---------- Material provided
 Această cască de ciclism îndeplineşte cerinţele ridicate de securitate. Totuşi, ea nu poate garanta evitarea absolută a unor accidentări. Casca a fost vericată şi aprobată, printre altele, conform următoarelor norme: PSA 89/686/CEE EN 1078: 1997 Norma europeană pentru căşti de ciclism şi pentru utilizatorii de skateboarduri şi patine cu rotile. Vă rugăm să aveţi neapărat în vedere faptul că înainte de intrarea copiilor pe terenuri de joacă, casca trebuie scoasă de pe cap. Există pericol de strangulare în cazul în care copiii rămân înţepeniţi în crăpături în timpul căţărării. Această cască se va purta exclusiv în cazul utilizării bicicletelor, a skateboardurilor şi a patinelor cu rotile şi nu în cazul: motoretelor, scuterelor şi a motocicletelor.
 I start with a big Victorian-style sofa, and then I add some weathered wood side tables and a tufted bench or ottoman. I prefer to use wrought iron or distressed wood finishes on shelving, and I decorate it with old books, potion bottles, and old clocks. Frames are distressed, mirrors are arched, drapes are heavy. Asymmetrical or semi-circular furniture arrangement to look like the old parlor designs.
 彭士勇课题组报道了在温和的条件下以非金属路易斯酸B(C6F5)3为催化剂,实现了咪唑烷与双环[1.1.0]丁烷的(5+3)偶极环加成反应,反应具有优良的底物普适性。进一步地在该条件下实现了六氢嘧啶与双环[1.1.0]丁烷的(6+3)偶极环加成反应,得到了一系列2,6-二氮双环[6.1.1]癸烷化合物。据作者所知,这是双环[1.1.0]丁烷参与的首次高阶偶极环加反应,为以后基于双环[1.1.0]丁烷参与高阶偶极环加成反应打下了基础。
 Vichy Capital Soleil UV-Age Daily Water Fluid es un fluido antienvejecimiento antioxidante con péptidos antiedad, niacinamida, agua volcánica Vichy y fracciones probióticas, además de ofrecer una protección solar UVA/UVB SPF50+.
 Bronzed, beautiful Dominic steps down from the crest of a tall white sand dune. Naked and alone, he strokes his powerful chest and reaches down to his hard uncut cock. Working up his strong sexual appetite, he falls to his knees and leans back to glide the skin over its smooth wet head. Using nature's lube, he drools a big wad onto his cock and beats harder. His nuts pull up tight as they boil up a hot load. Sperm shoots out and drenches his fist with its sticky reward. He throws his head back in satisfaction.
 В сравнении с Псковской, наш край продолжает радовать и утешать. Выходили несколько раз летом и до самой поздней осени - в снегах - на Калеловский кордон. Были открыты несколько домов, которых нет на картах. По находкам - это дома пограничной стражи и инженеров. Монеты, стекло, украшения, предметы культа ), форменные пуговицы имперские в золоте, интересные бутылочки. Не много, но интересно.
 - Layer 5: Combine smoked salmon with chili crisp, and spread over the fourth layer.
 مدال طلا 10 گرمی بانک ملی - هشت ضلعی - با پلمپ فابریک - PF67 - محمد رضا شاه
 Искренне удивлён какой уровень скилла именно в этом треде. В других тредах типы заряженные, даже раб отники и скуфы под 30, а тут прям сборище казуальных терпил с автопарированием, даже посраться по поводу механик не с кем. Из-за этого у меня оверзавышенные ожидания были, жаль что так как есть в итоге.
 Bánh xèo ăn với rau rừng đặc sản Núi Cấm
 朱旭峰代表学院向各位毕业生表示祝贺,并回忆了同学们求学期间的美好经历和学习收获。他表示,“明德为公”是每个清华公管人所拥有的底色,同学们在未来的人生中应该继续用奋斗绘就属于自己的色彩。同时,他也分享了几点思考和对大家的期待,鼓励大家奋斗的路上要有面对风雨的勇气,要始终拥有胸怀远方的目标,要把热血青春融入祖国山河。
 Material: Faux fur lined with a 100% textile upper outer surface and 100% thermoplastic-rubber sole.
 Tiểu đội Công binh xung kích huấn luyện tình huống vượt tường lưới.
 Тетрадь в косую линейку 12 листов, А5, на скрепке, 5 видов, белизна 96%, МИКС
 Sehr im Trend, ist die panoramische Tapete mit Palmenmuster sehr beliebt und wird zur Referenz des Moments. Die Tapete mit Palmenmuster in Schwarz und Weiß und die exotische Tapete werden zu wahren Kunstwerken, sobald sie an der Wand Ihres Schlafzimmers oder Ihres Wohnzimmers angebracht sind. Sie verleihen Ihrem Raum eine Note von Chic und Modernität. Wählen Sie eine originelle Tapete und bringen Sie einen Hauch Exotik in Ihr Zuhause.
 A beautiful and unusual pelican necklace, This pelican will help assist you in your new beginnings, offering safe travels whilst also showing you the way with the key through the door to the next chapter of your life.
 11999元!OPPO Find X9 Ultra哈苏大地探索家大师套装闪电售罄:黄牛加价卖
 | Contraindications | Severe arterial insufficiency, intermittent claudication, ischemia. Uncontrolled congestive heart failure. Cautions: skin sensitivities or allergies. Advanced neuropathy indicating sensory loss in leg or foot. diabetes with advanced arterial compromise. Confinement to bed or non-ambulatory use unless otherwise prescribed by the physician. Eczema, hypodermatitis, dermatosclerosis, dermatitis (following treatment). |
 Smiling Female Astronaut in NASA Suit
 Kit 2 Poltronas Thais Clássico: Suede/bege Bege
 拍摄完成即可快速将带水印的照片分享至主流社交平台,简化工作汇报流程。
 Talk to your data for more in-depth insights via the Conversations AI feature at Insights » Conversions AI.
--------------------
* [Description of the task]: Give back all the data exactly as written.

* [Result below]:
 Această cască de ciclism îndeplineşte cerinţele ridicate de securitate. Totuşi, ea nu poate garanta evitarea absolută a unor accidentări. Casca a fost vericată şi aprobată, printre altele, conform următoarelor norme: PSA 89/686/CEE EN 1078: 1997 Norma europeană pentru căşti de ciclism şi pentru utilizatorii de skateboarduri şi patine cu rotile. Vă rugăm să aveţi neapărat în vedere faptul că înainte de intrarea copiilor pe terenuri de joacă, casca trebuie scoasă de pe cap. Există pericol de strangulare în cazul în care copiii rămân înţepeniţi în crăpături în timpul căţărării. Această cască se va purta exclusiv în cazul utilizării bicicletelor, a skateboardurilor şi a patinelor cu rotile şi nu în cazul: motoretelor, scuterelor şi a motocicletelor.
 I start with a big Victorian-style sofa, and then I add some weathered wood side tables and a tufted bench or ottoman. I prefer to use wrought iron or distressed wood finishes on shelving, and I decorate it with old books, potion bottles, and old clocks. Frames are distressed, mirrors are arched, drapes are heavy. Asymmetrical or semi-circular furniture arrangement to look like the old parlor designs.
 彭士勇课题组报道了在温和的条件下以非金属路易斯酸B(C6F5)3为催化剂,实现了咪唑烷与双环[1.1.0]丁烷的(5+3)偶极环加成反应,反应具有优良的底物普适性。进一步地在该条件下实现了六氢嘧啶与双环[1.1.0]丁烷的(6+3)偶极环加成反应,得到了一系列2,6-二氮双环[6.1.1]癸烷化合物。据作者所知,这是双环[1.1.0]丁烷参与的首次高阶偶极环加反应,为以后基于双环[1.1.0]丁烷参与高阶偶极环加成反应打下了基础。
 Vichy Capital Soleil UV-Age Daily Water Fluid es un fluido antienvejecimiento antioxidante con péptidos antiedad, niacinamida, agua volcánica Vichy y fracciones probióticas, además de ofrecer una protección solar UVA/UVB SPF50+.
 Bronzed, beautiful Dominic steps down from the crest of a tall white sand dune. Naked and alone, he strokes his powerful chest and reaches down to his hard uncut cock. Working up his strong sexual appetite, he falls to his knees and leans back to glide the skin over its smooth wet head. Using nature's lube, he drools a big wad onto his cock and beats harder. His nuts pull up tight as they boil up a hot load. Sperm shoots out and drenches his fist with its sticky reward. He throws his head back in satisfaction.
 В сравнении с Псковской, наш край продолжает радовать и утешать. Выходили несколько раз летом и до самой поздней осени - в снегах - на Калеловский кордон. Были открыты несколько домов, которых нет на картах. По находкам - это дома пограничной стражи и инженеров. Монеты, стекло, украшения, предметы культа ), форменные пуговицы имперские в золоте, интересные бутылочки. Не много, но интересно.
 - Layer 5: Combine smoked salmon with chili crisp, and spread over the fourth layer.
 مدال طلا 10 گرمی بانک ملی - هشت ضلعی - با پلمپ فابریک - PF67 - محمد رضا شاه
 Искренне удивлён какой уровень скилла именно в этом треде. В других тредах типы заряженные, даже раб отники и скуфы под 30, а тут прям сборище казуальных терпил с автопарированием, даже посраться по поводу механик не с кем. Из-за этого у меня оверзавышенные ожидания были, жаль что так как есть в итоге.
 Bánh xèo ăn với rau rừng đặc sản Núi Cấm
 朱旭峰代表学院向各位毕业生表示祝贺,并回忆了同学们求学期间的美好经历和学习收获。他表示,“明德为公”是每个清华公管人所拥有的底色,同学们在未来的人生中应该继续用奋斗绘就属于自己的色彩。同时,他也分享了几点思考和对大家的期待,鼓励大家奋斗的路上要有面对风雨的勇气,要始终拥有胸怀远方的目标,要把热血青春融入祖国山河。
 Material: Faux fur lined with a 100% textile upper outer surface and 100% thermoplastic-rubber sole.
 Tiểu đội Công binh xung kích huấn luyện tình huống vượt tường lưới.
 Тетрадь в косую линейку 12 листов, А5, на скрепке, 5 видов, белизна 96%, МИКС
 Sehr im Trend, ist die panoramische Tapete mit Palmenmuster sehr beliebt und wird zur Referenz des Moments. Die Tapete mit Palmenmuster in Schwarz und Weiß und die exotische Tapete werden zu wahren Kunstwerken, sobald sie an der Wand Ihres Schlafzimmers oder Ihres Wohnzimmers angebracht sind. Sie verleihen Ihrem Raum eine Note von Chic und Modernität. Wählen Sie eine originelle Tapete und bringen Sie einen Hauch Exotik in Ihr Zuhause.
 A beautiful and unusual pelican necklace, This pelican will help assist you in your new beginnings, offering safe travels whilst also showing you the way with the key through the door to the next chapter of your life.
 11999元!OPPO Find X9 Ultra哈苏大地探索家大师套装闪电售罄:黄牛加价卖
 | Contraindications | Severe arterial insufficiency, intermittent claudication, ischemia. Uncontrolled congestive heart failure. Cautions: skin sensitivities or allergies. Advanced neuropathy indicating sensory loss in leg or foot. diabetes with advanced arterial compromise. Confinement to bed or non-ambulatory use unless otherwise prescribed by the physician. Eczema, hypodermatitis, dermatosclerosis, dermatitis (following treatment). |
 Smiling Female Astronaut in NASA Suit
 Kit 2 Poltronas Thais Clássico: Suede/bege Bege
 拍摄完成即可快速将带水印的照片分享至主流社交平台,简化工作汇报流程。
 Talk to your data for more in-depth insights via the Conversations AI feature at Insights » Conversions AI.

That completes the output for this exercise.